↓

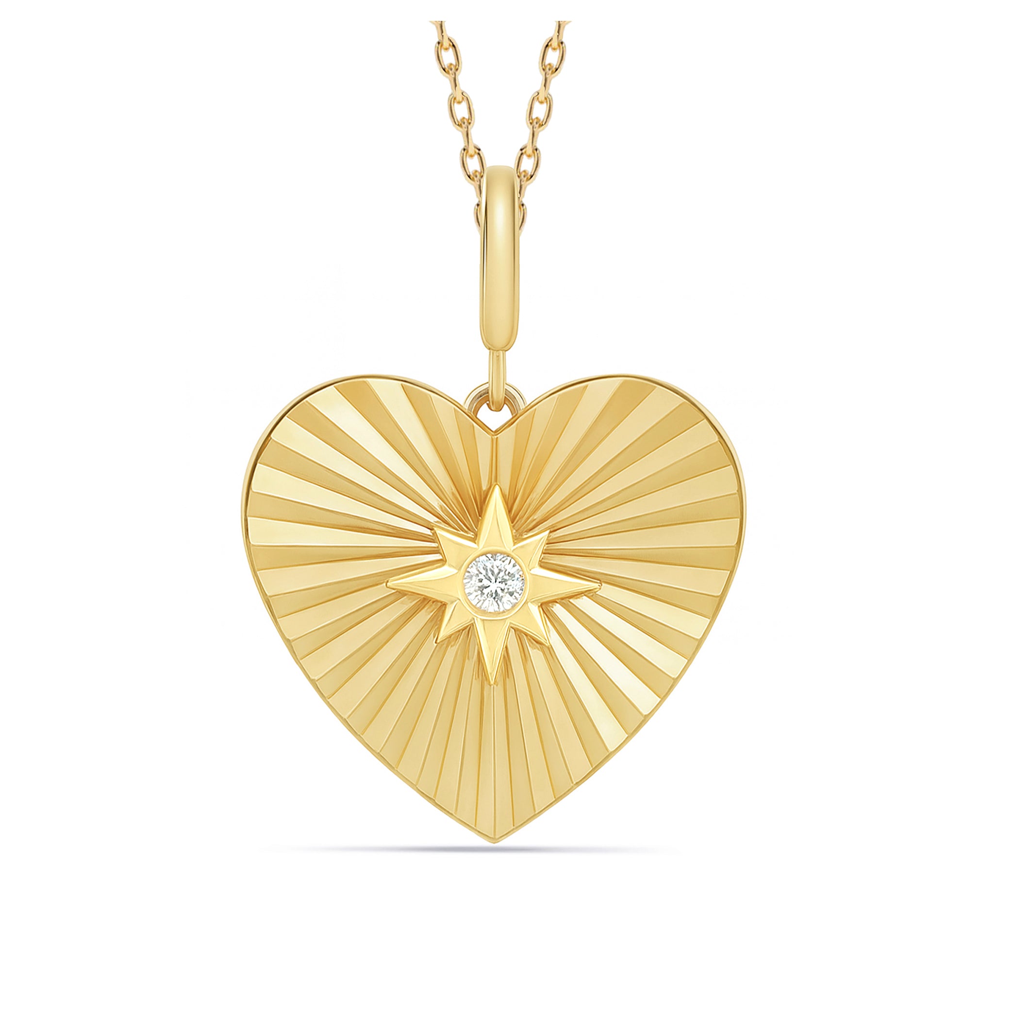 Celebrate love and light with this 14K solid gold fluted heart necklace, accented with a brilliant North Star design set with AAA premium cubic zirconia. The radiant, sunburst-inspired texture reflects light from every angle, symbolizing guidance, hope, and enduring love.
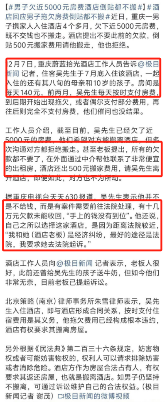 男子欠近5000元房费 酒店倒贴都不搬 真是给他好脸儿了,别人欠他钱,他欠酒店钱,赖着不走就是因为离法院近,还让酒店也起诉他。欠钱的是大爷,这话没跑儿......
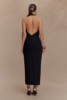 Make an unforgettable entrance in the MIERAH Halter Midi Dress, a statement silhouette with striking detail. Featuring an asymmetrical twisted neckline and cross-over back straps, this design highlights the décolletage while revealing a softly draped cowl back for a touch of allure. The fitted shape skims the body before flaring into a fishtail hem, creating graceful movement with every step. Fully lined for comfort and structure, this dress is your go-to for elevated evenings and special moments.
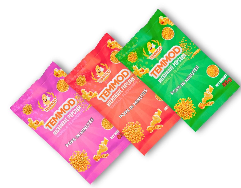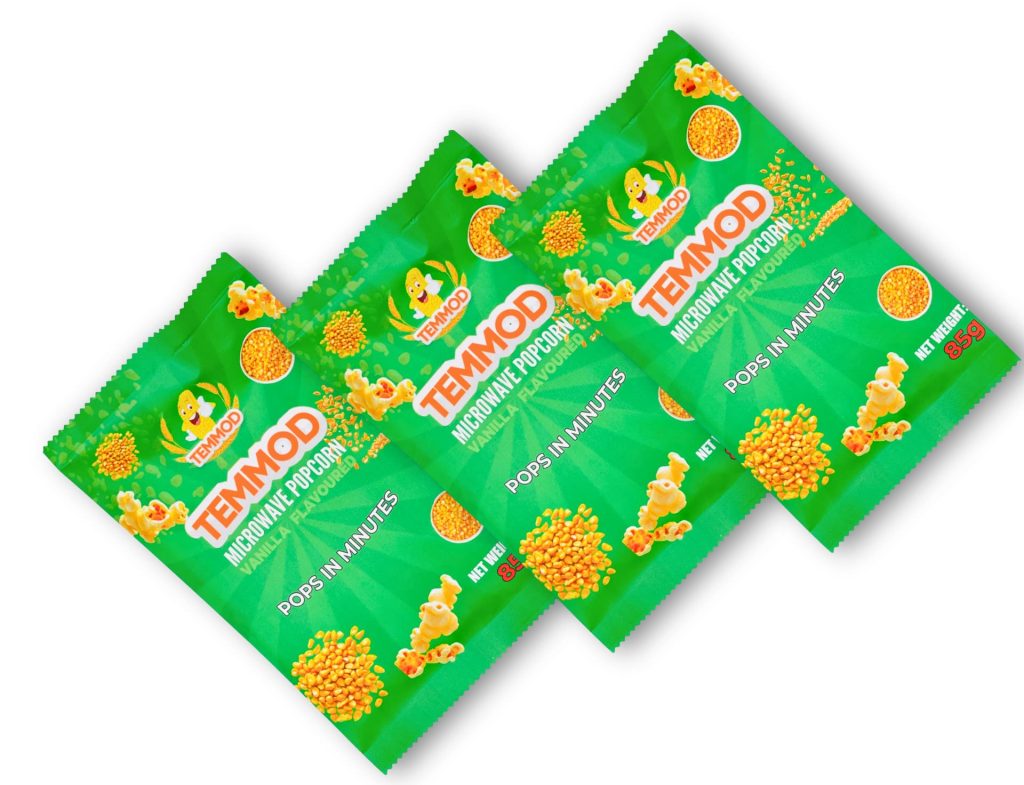 TEMMOD Microwave Popcorn is proudly the first locally produced microwave popcorn in Nigeria. Inspired by the need for quick, tasty, and convenient snacking, we created TEMMOD to bring joy to family movie nights, office breaks, school snacks, and every fun gathering.
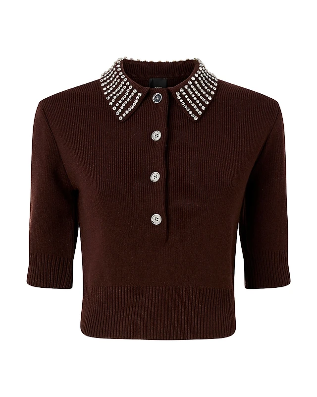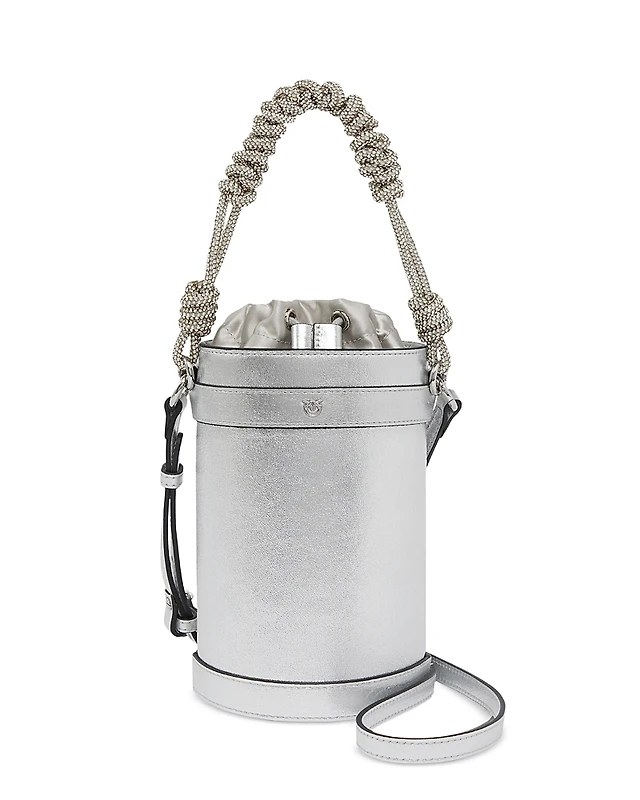 Pinko Mini Crystal Studded Leather Bucket Bag

↑

**WHAT NEEDS TO BE DONE**
Please write the data out again exactly, but do not carry over the pictures.

**SOLVED EXERCISE**
 Celebrate love and light with this 14K solid gold fluted heart necklace, accented with a brilliant North Star design set with AAA premium cubic zirconia. The radiant, sunburst-inspired texture reflects light from every angle, symbolizing guidance, hope, and enduring love.
 男子欠近5000元房费 酒店倒贴都不搬 真是给他好脸儿了,别人欠他钱,他欠酒店钱,赖着不走就是因为离法院近,还让酒店也起诉他。欠钱的是大爷,这话没跑儿......
 Make an unforgettable entrance in the MIERAH Halter Midi Dress, a statement silhouette with striking detail. Featuring an asymmetrical twisted neckline and cross-over back straps, this design highlights the décolletage while revealing a softly draped cowl back for a touch of allure. The fitted shape skims the body before flaring into a fishtail hem, creating graceful movement with every step. Fully lined for comfort and structure, this dress is your go-to for elevated evenings and special moments.
 TEMMOD Microwave Popcorn is proudly the first locally produced microwave popcorn in Nigeria. Inspired by the need for quick, tasty, and convenient snacking, we created TEMMOD to bring joy to family movie nights, office breaks, school snacks, and every fun gathering.
 Pinko Mini Crystal Studded Leather Bucket Bag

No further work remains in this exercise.